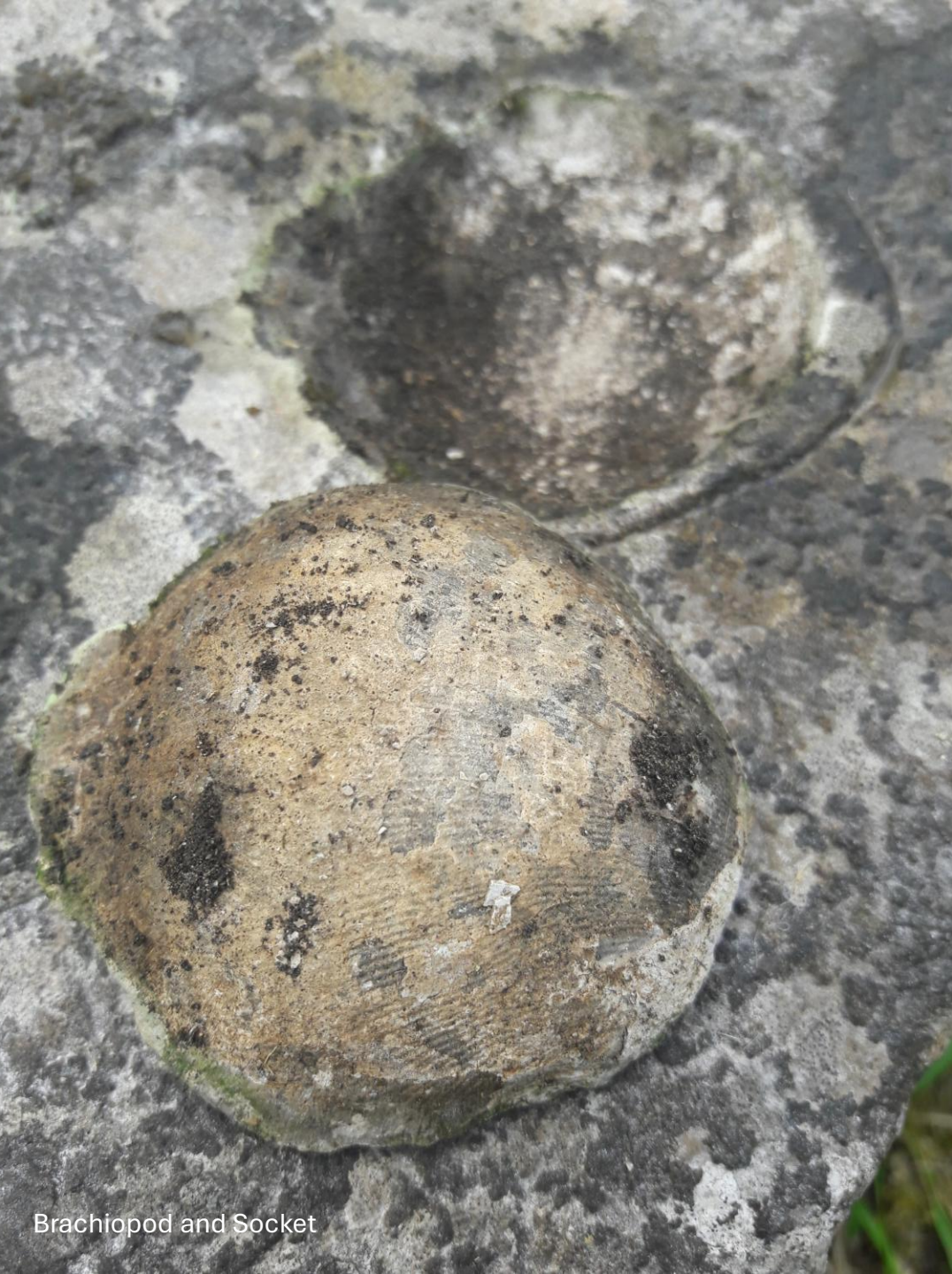
Brachiopod and Socket
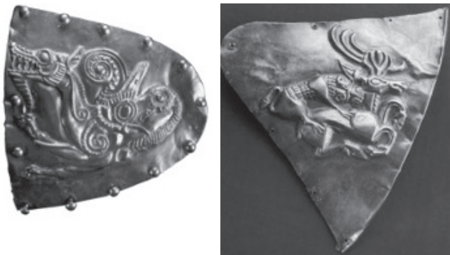
Fig. 4. Mounts decorating the edge of the horn part of the golden rhyton: 1 – depiction of a lion tearing a deer; 2 – depiction of a sennur.

were conducted during nine field seasons until 1955 by an expedition under Nikita V. Anfimov from the Krasnodar Museum of History and Regional Studies (Anfimov 1941, 258-267; Anfimov 1951, 238-244; Anfimov 1953, 99-111). It was established that the total thickness of the cultural deposits at the townsite extended to 3.3m. On the basis of the evidence yielded by excavations in the northern area, Anfimov dated these deposits as follows.
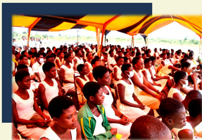
SOME STUDENTS AT THE CEREMONY
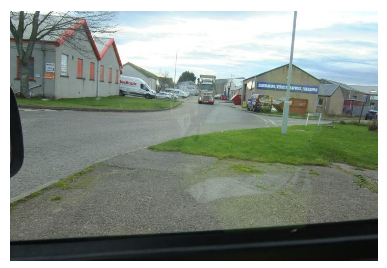
IN CAR VIEW TO SOUTH FROM SITE ACCESS (TOWARDS DIAGONAL ROAD)
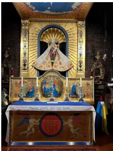
(Pictured are the Roman Catholic and Anglican Shrines)
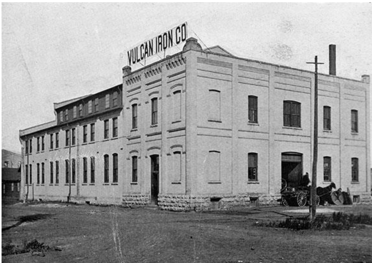
Figure C Vulcan Iron Works
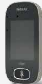
Roger Touchscreen Mic
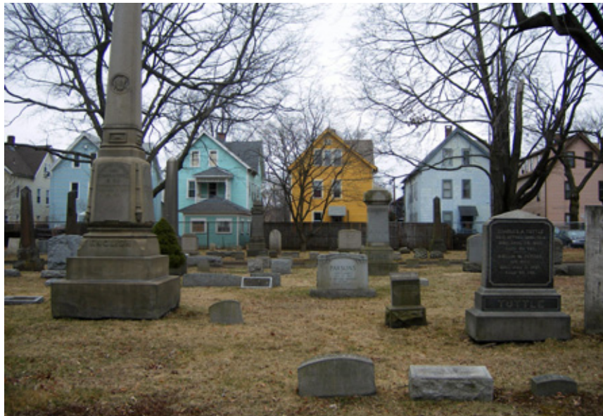
UNION CEMETERY IN FAIR HAVEN. AN OLD GRAVEYARD WITH NEW TRASH. THE HOUSES AROUND THE GRAVEYARD WERE ALL PAINTED BRIGHT PASTEL COLORS.

**TASK DETAILS**
With the pictures removed, write out exactly the lines from the line containing "Figure C Vulcan Iron Works" through the last line of the material above, both included.

**ANSWER FOR THIS EXERCISE**
Figure C Vulcan Iron Works
Roger Touchscreen Mic
UNION CEMETERY IN FAIR HAVEN. AN OLD GRAVEYARD WITH NEW TRASH. THE HOUSES AROUND THE GRAVEYARD WERE ALL PAINTED BRIGHT PASTEL COLORS.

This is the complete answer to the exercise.